Comment on Estate Planning For Digital Assets
Maria Perrone (J.D. Candidate, May 2013, The Catholic University of America, Columbus School of Law) recently published her comment entitled What Happens When We Die: Estate Planning of Digital Assets, 21 CommLaw Conspectus 185 (2012/2013). The introduction to the article is availabel below:
When most people envision sorting through the belongings of departed loved ones, they imagine encountering old pictures, journals, letters, and knick-knacks. Due to the proliferation of digital technology, coupled with society’s ever-increasing reliance on the Internet, that picture is rapidly changing. Recent studies indicate that ninety-two percent of Americans have an online presence by the age of two. As of January 2011, there were approximately five billion images on Flickr, hundreds of thousands of videos uploaded on YouTube per day, an endless supply of content from twenty million bloggers, 500 million Facebook users, and approximately two billion tweets per month. In addition to reviewing the journals and letters of deceased loved ones, people are increasingly faced with administering a loved one’s digital assets.
Digital assets include digital images from photographs, electronic bank and investment account statements, e-mail records and associated passwords, and social media accounts such as Facebook, Linked-In, Twitter, and YouTube. The culmination of these digital assets forms a person’s digital estate. Not surprisingly, given the ever-increasing role of digitalization in our daily lives, digital estate planning has become a major issue for estate planners. Still, only five states have laws governing digital estate planning. In order to adequately plan for the digital estates of Americans, the law must accommodate recent technological advancements. The establishment of a uniform set of laws will ensure that the digital assets of Americans are adequately protected.
Part II of this Comment provides a general overview of traditional estate planning.

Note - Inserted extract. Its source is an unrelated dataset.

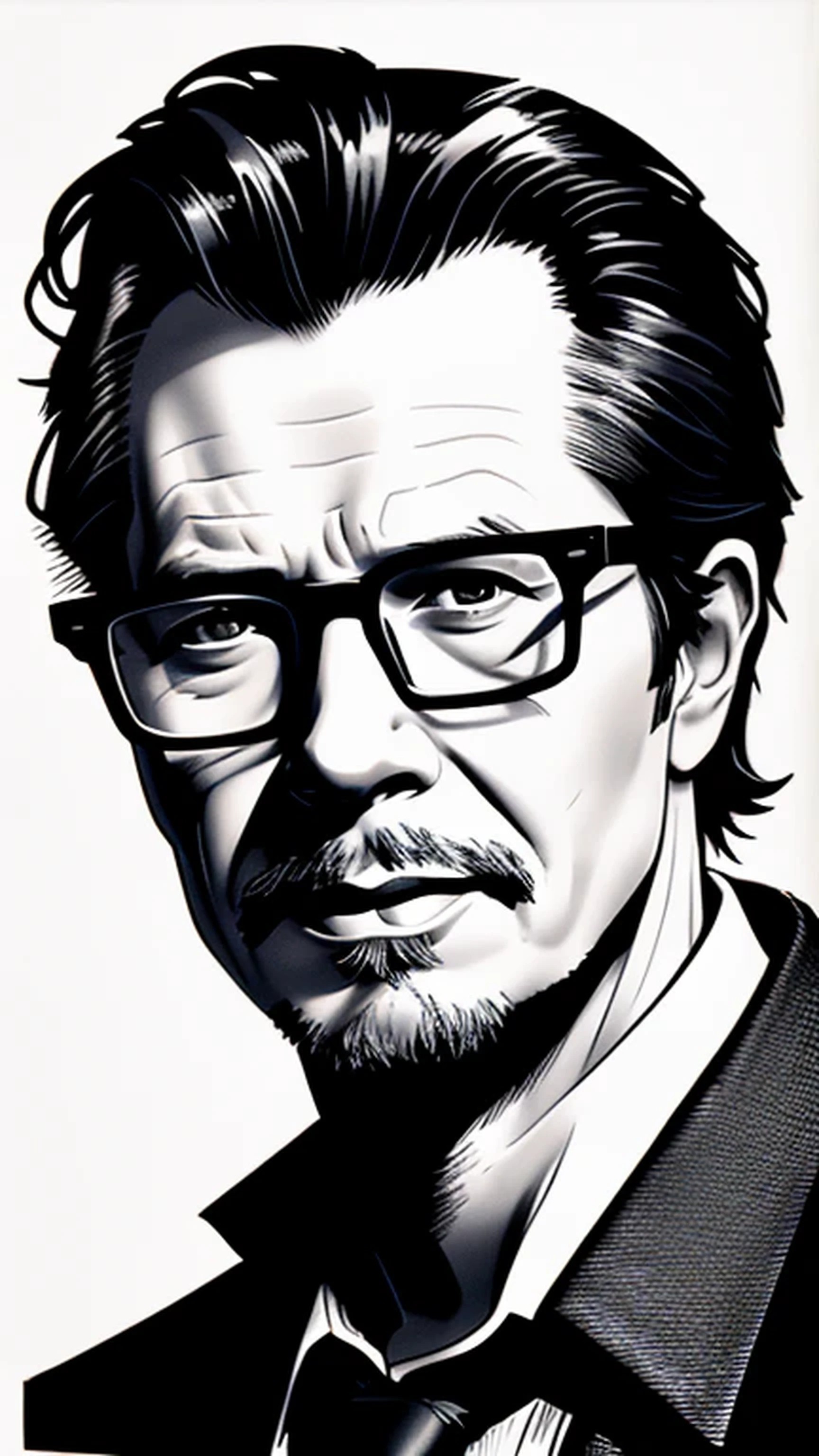 Ink sketch Gary Oldman with glasses close-up portrait, Figurative, Ink, Rough, Midnight black, Underlit, Sean Murphy
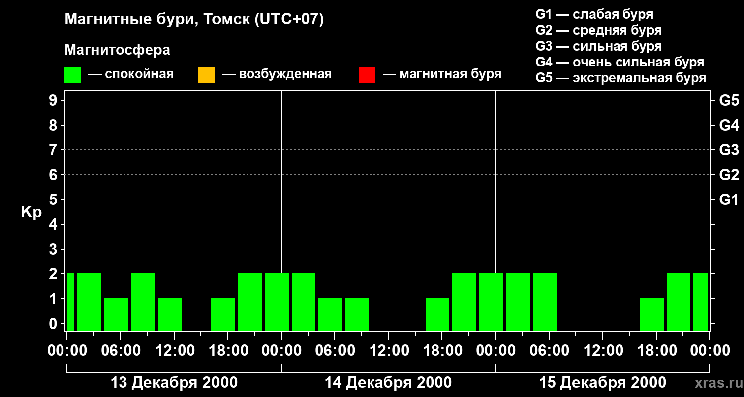 Изменения геомагнитного индекса Kp с 13 по 15 декабря 2000 года для средних широт

Part III then examines the practicalities of estate planning for digital assets. It will then evaluate the major issues associated with digital estate planning, beginning with the digital asset policies of various companies. Included in this analysis will be the general rationale underlying digital estate planning. Part IV will provide real-life examples of planning for digital assets and its effects on decedents’ families. Part V will outline the state laws that currently provide for digital estate planning, highlighting the need to establish a set of uniform laws for digital assets that are tailored to the current digital age. Part VI explores efforts underway to create such uniform laws. Part VII discusses certain websites that seek to help people plan for their digital estates. Part VIII delves into a discussion of the privacy issues and the implications that are raised by digital estate planning. Part IX will then examine how recent technological advancements, such as cloud computing, may affect planning for digital assets, as well as the policy implications of digital estate planning as a whole. Finally, this Comment concludes by evaluating the policy implications underlying the creation of a uniform digital estate planning law.